— PROBLEM STATEMENT —
Write every entry out again exactly, please, and skip the pictures.

[[ DATASET RECORDS open ]]

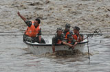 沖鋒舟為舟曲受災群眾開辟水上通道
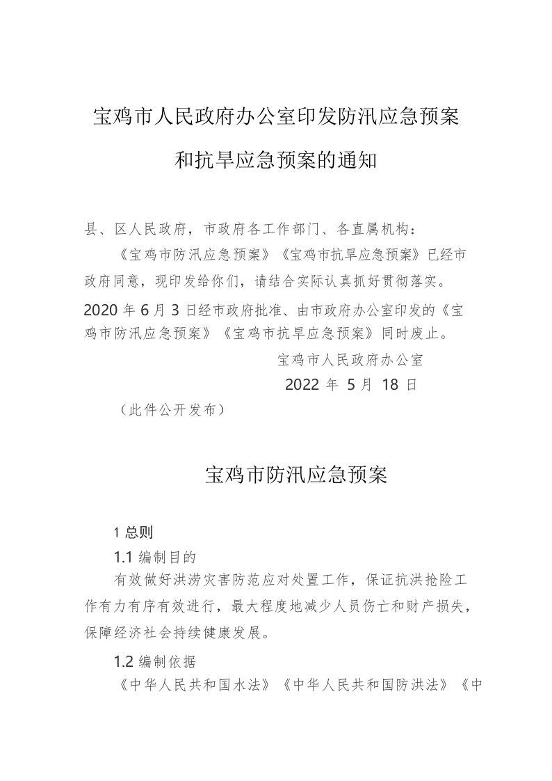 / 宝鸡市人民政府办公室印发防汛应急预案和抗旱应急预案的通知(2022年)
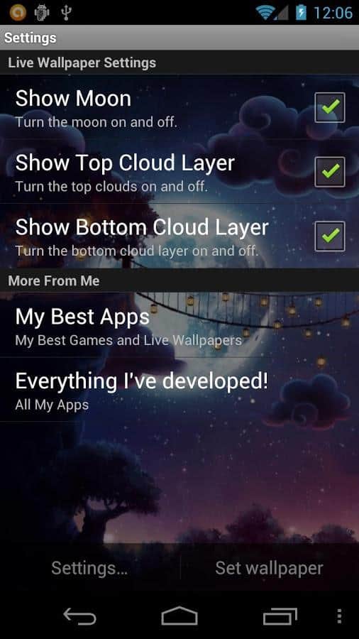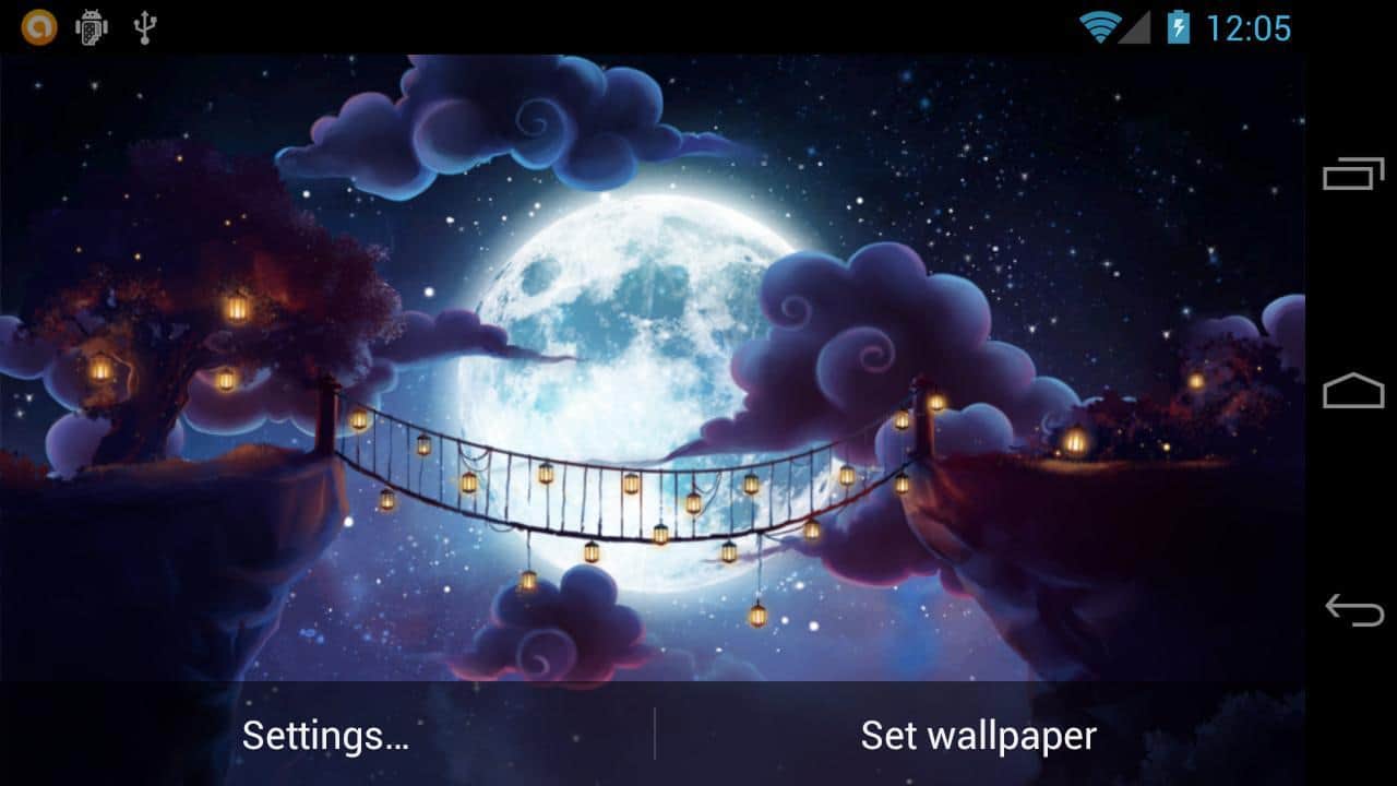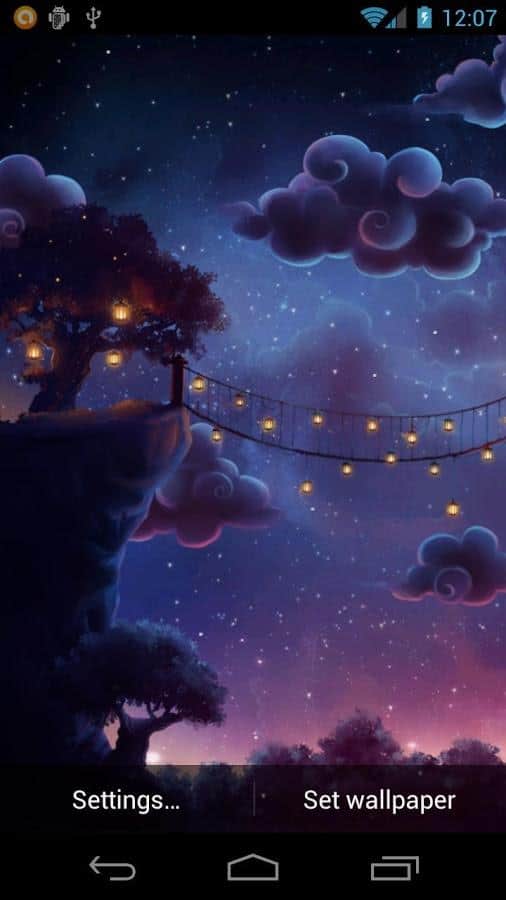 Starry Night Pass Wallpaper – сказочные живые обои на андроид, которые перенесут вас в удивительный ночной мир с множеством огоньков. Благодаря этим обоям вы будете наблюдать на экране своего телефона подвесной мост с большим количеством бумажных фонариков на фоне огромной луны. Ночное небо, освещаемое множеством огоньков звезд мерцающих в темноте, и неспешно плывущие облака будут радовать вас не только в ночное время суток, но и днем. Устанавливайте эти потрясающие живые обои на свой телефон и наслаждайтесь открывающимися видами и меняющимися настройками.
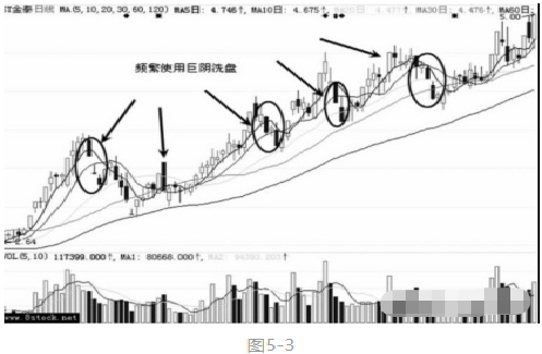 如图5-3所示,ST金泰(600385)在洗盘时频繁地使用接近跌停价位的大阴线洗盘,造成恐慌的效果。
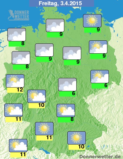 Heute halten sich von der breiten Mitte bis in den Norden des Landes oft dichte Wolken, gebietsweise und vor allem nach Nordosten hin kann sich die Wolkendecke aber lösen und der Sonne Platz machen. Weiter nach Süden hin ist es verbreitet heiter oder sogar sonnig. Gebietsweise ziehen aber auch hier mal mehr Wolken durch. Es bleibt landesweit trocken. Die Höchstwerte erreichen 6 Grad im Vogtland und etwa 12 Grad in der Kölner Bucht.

[[ DATASET RECORDS closed ]]

— TASK RESPONSE —
 沖鋒舟為舟曲受災群眾開辟水上通道
 / 宝鸡市人民政府办公室印发防汛应急预案和抗旱应急预案的通知(2022年)
 Starry Night Pass Wallpaper – сказочные живые обои на андроид, которые перенесут вас в удивительный ночной мир с множеством огоньков. Благодаря этим обоям вы будете наблюдать на экране своего телефона подвесной мост с большим количеством бумажных фонариков на фоне огромной луны. Ночное небо, освещаемое множеством огоньков звезд мерцающих в темноте, и неспешно плывущие облака будут радовать вас не только в ночное время суток, но и днем. Устанавливайте эти потрясающие живые обои на свой телефон и наслаждайтесь открывающимися видами и меняющимися настройками.
 如图5-3所示,ST金泰(600385)在洗盘时频繁地使用接近跌停价位的大阴线洗盘,造成恐慌的效果。
 Heute halten sich von der breiten Mitte bis in den Norden des Landes oft dichte Wolken, gebietsweise und vor allem nach Nordosten hin kann sich die Wolkendecke aber lösen und der Sonne Platz machen. Weiter nach Süden hin ist es verbreitet heiter oder sogar sonnig. Gebietsweise ziehen aber auch hier mal mehr Wolken durch. Es bleibt landesweit trocken. Die Höchstwerte erreichen 6 Grad im Vogtland und etwa 12 Grad in der Kölner Bucht.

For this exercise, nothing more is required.